(Beginning of Dataset excerpts)
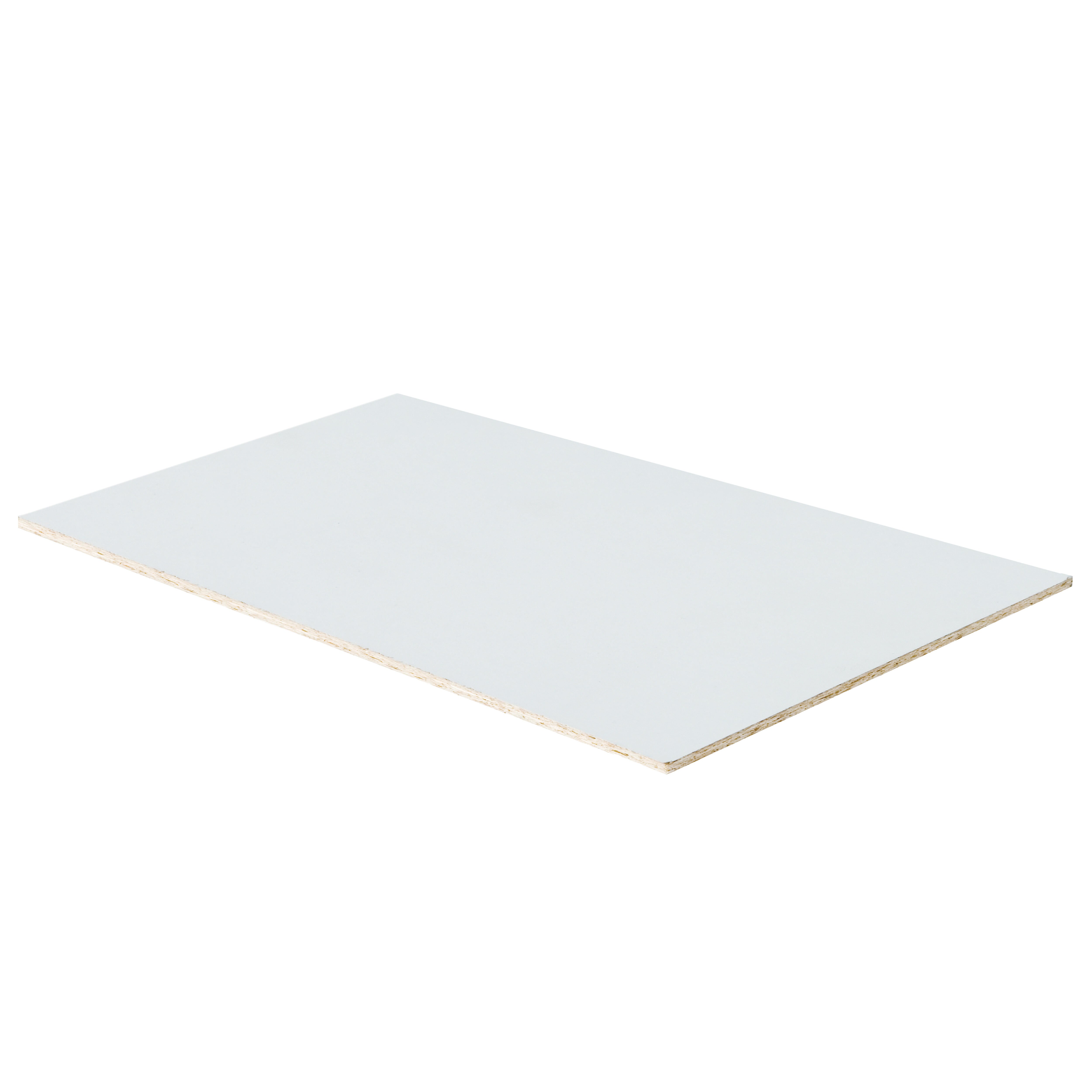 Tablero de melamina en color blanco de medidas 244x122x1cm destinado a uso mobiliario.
(End of Dataset excerpts)
(Beginning of Dataset excerpts)
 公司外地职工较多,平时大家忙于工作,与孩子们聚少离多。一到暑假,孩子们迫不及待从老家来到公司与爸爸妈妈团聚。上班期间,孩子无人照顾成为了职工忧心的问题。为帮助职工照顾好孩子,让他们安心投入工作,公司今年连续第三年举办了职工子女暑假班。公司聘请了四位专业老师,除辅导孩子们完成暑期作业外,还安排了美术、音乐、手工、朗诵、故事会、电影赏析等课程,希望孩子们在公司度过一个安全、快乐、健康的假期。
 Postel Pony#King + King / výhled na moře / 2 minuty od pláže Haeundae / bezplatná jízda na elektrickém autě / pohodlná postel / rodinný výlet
(End of Dataset excerpts)
(Beginning of Dataset excerpts)
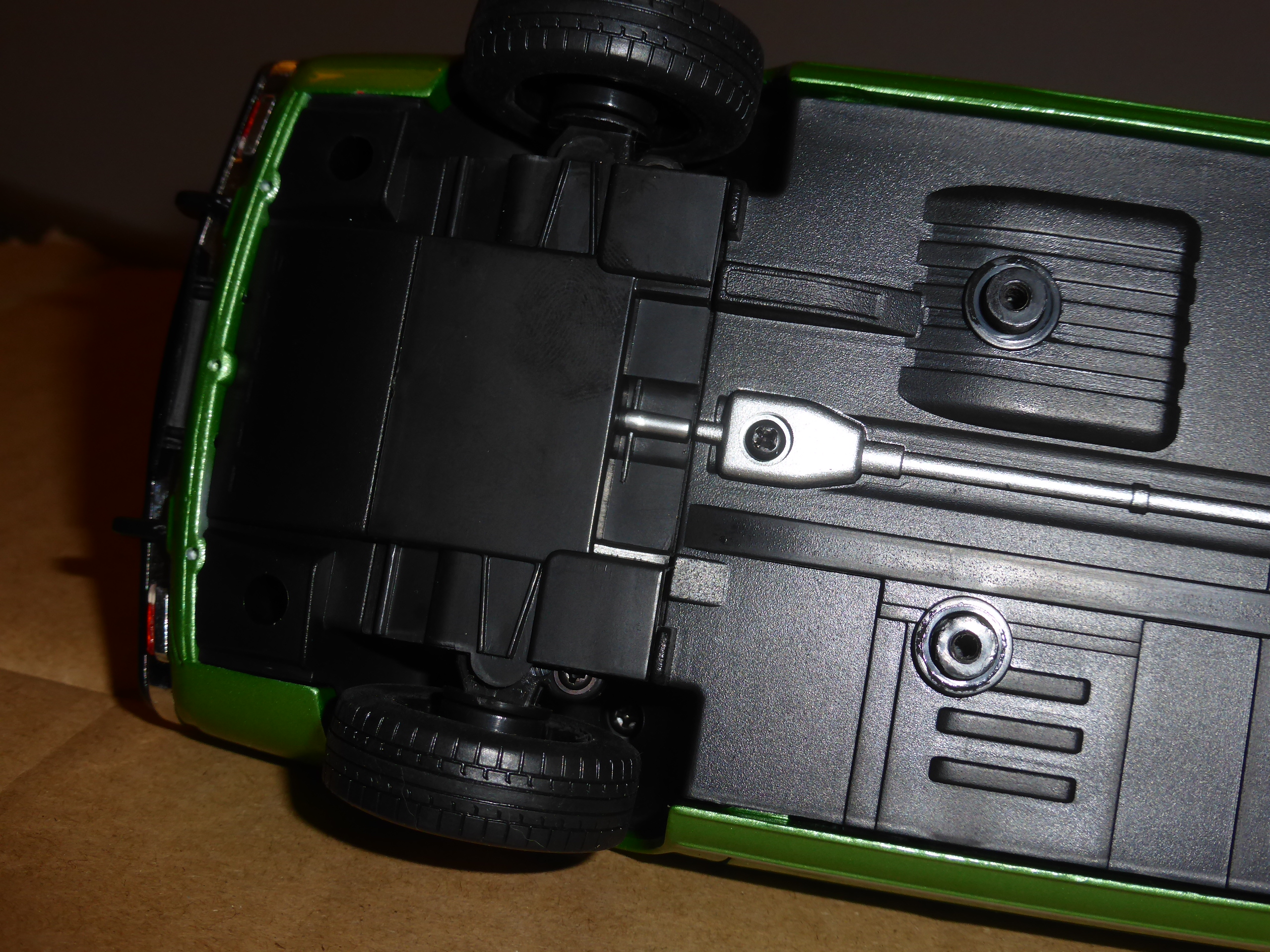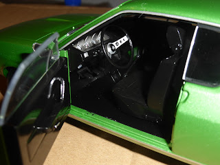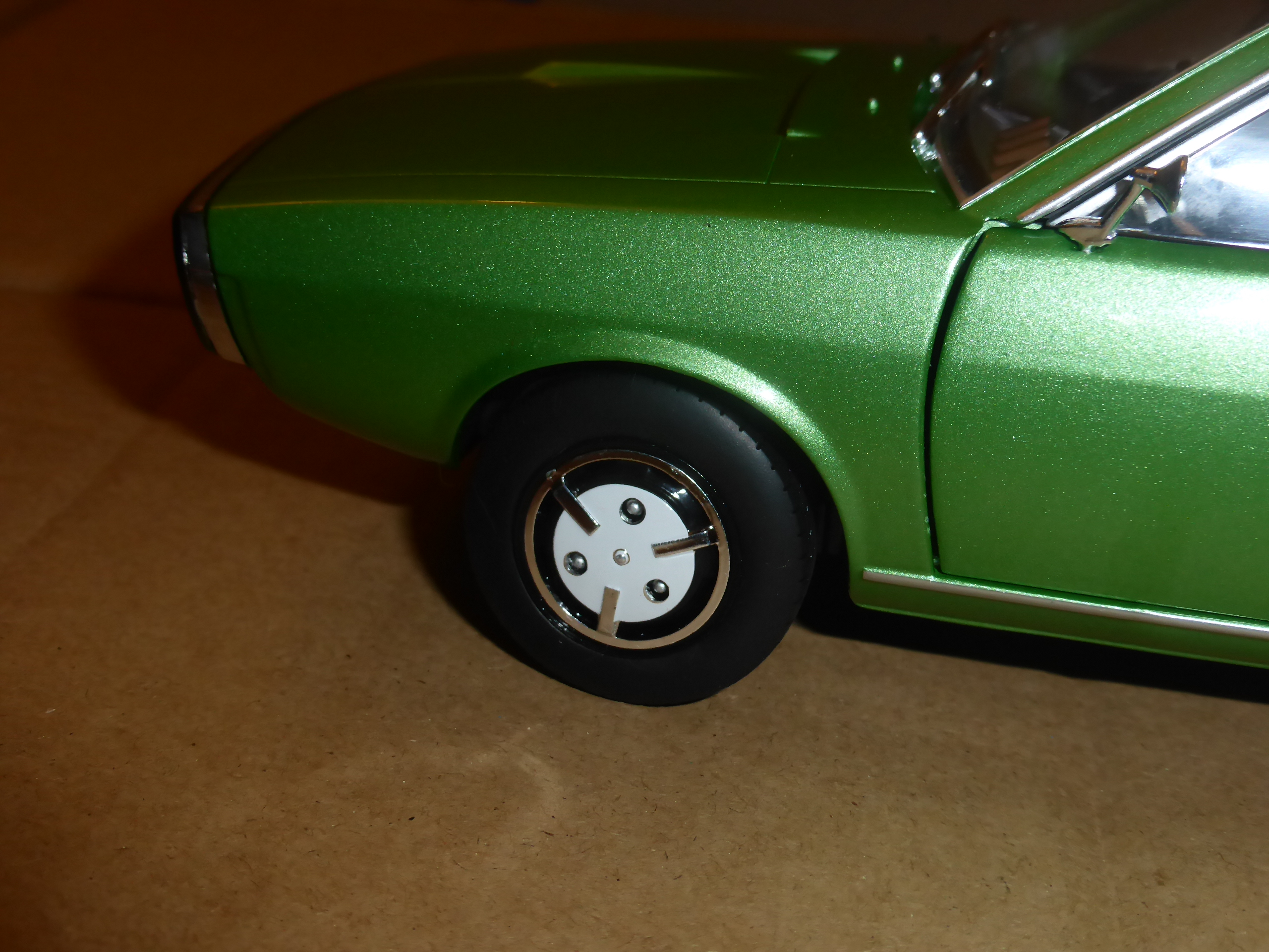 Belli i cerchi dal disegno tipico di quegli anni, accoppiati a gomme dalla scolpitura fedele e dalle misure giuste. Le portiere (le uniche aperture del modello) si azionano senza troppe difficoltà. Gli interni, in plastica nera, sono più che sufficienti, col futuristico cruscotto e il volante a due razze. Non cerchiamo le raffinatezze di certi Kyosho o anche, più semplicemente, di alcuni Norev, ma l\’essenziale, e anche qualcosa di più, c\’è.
(End of Dataset excerpts)
**Problem statement**
Could you transcribe the entries above word for word, from the line with "公司外地职工较多,平时大家忙" down to the line with "Postel Pony#King +", keeping both?

**Written response**
 公司外地职工较多,平时大家忙于工作,与孩子们聚少离多。一到暑假,孩子们迫不及待从老家来到公司与爸爸妈妈团聚。上班期间,孩子无人照顾成为了职工忧心的问题。为帮助职工照顾好孩子,让他们安心投入工作,公司今年连续第三年举办了职工子女暑假班。公司聘请了四位专业老师,除辅导孩子们完成暑期作业外,还安排了美术、音乐、手工、朗诵、故事会、电影赏析等课程,希望孩子们在公司度过一个安全、快乐、健康的假期。
 Postel Pony#King + King / výhled na moře / 2 minuty od pláže Haeundae / bezplatná jízda na elektrickém autě / pohodlná postel / rodinný výlet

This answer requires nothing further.